Nossa série de fatos interessantes em volta das partidas do timão hoje não será tão 'viajada' assim, e sim com intuito de responder uma dúvida que algum de vocês possam ter quando escutam o termo frequentemente relacionado ao nosso adversário, o famoso Coxa-Branca.
Esse termo que virou sinônimo do Coritiba Foot Ball Club, entra na galeria de boas histórias do futebol brasileiro onde a torcida decidiu adotar uma ofensa ou algo pejorativo para si com orgulho, e tudo começou a bastante tempo atrás com um sujeito: Hans Egon Breyer.
Breyer, alemão que veio com a família para o Brasil quando ainda era uma criança próximo a década de 1920 viria a se tornar jogador do Coritiba, onde atuou entre os anos 1939 e 1943, período que coincide inclusive com a segunda guerra mundial. Mas foi em um clássico Atletiba em 1941 que a história foi feita:
Um torcedor atleticano Jofre Cabral e Silva começou a provocar Breyer, chamando-o de: “Coxa‑Branca!” e “Quinta-coluna!”
O primeiro termo fazia referência ao tom de pele claro do jogador — comum entre descendentes de alemães — e também tinha um tom político, já que o Brasil vivia forte clima de tensão ligado à Segunda Guerra Mundial.
Já o segundo termo era utilizado para referir-se de maneira ofensiva, à pessoas que tinham descendência ou nacionalidade de outros países envolvidos em confrontos militares na época. De uma maneira ou outra, o insulto carregava um tom de insinuação a 'trairagem, espionagem', como se estivesse apontando que a comunidade local não pudesse confiar neles.
O termo “quinta‑coluna” nasceu durante a Guerra Civil Espanhola (1936–1939).
Na época, as forças nacionalistas de Francisco Franco avançavam sobre Madri com quatro colunas militares. A expressão surgiu quando generais franquistas afirmaram que, além dessas quatro colunas, havia uma “quinta coluna” dentro da cidade — simpatizantes infiltrados que agiriam secretamente a favor do golpe quando o ataque começasse.

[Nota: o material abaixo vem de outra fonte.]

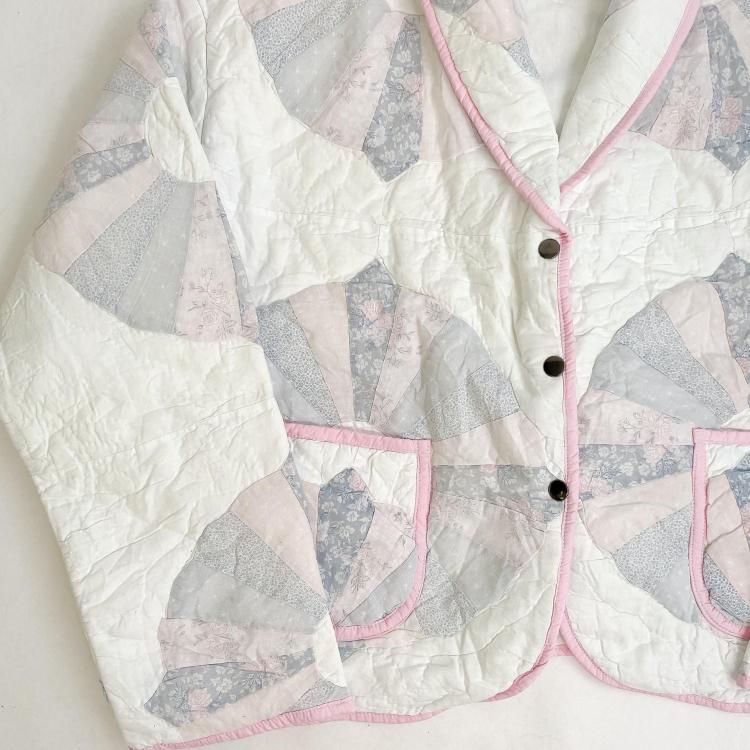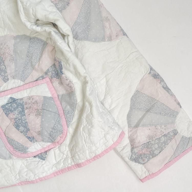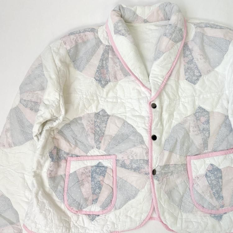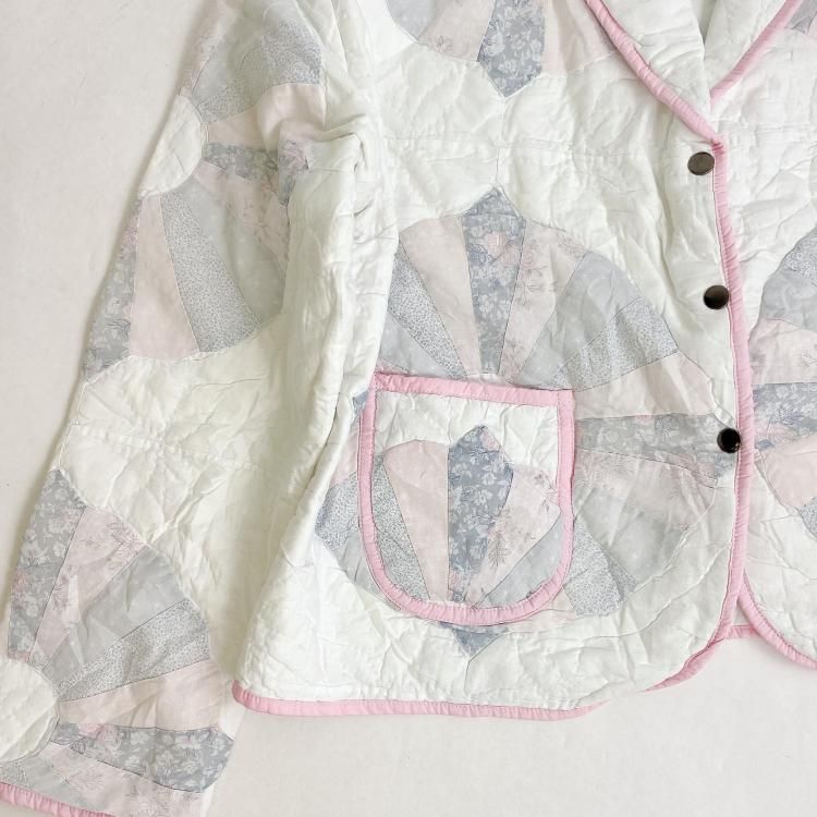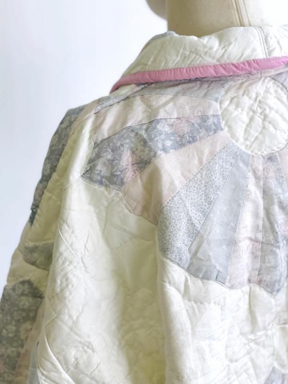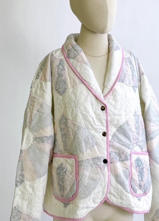 "Upcycle" VINTAGE patchwork fabric short jacket -Pink piping-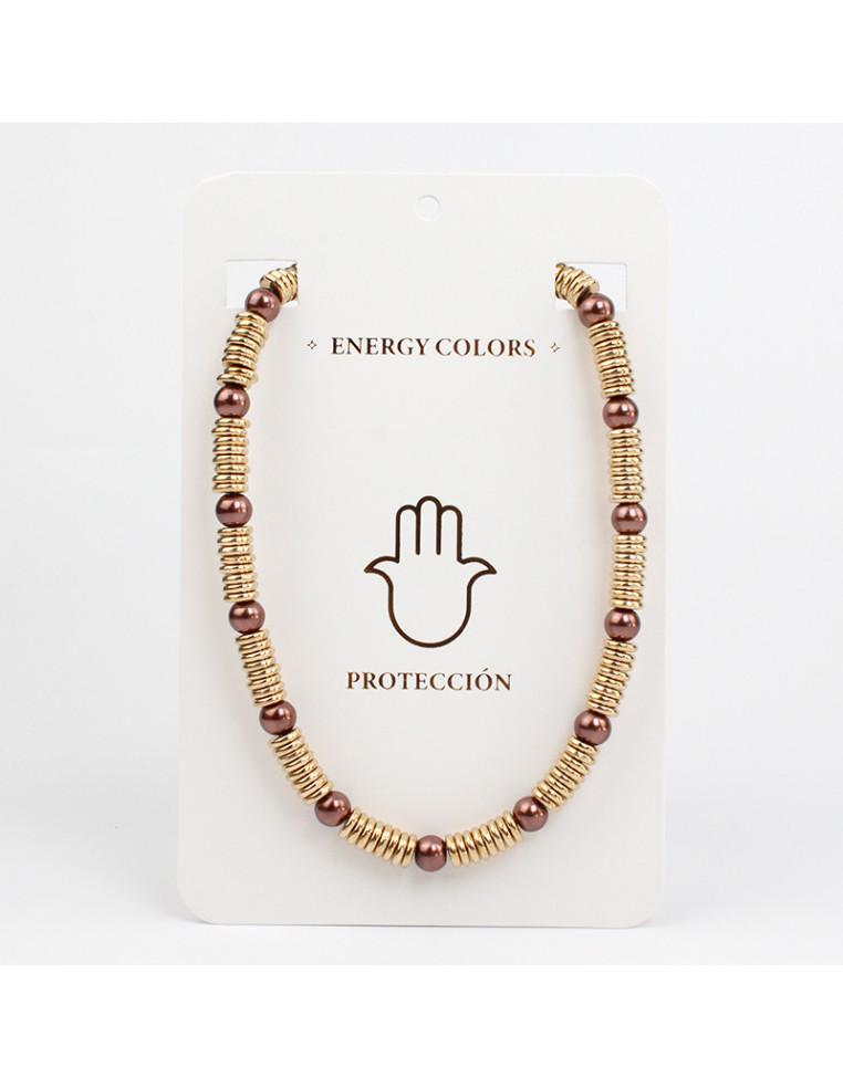Collar flexible de lenga con bolitas de vidrio energéticas, con piezas pasantes de CCB dorado.

Chamado de “coxabranca” e “quinta-coluna” regularmente, Breyer se desgostou profundamente e decidiu abandonar o futebol em 1944, aos 24 anos, mesmo sendo apontado como um dos principais defensores no estado do Paraná nesta época, encerrando a carreira muito cedo. Durante muitos anos, ele deixou até de frequentar os jogos do Coritiba — tamanho o incômodo que a situação havia lhe causado
A história muda completamente em 1969. Na comemoração do título estadual daquele ano, a torcida do Coritiba começou a cantar:
“Coxa! Coxa! Coxa!”
Foi aí que pela primeira vez, o apelido era usado com orgulho, como símbolo da identidade da equipe alviverde e não mais como ofensa. Isso marcou profundamente Breyer, que declarou em entrevista à revista Placar:
“Quando vi a torcida gritar Coxa, tirei um peso das minhas costas e fiquei muito orgulhoso.”
Essa mudança de significado foi tão marcante que o apelido Coxa-Branca acabou gravado até mesmo na lápide de Breyer, como homenagem da torcida.
Falecido em 2001, Breyer voltara a frequentar os jogos da equipe após a adoção do apelido pela torcida, e já foi diversas vezes homenageado em ações do clube até hoje como um dos personagens mais marcantes do clube paranaense. Recentemente, por exemplo, Breyer e o período de 1941 foram referências usadas na confecção do uniforme de 2024 do time, e nas celebração dos 115 anos do clube, no mesmo ano.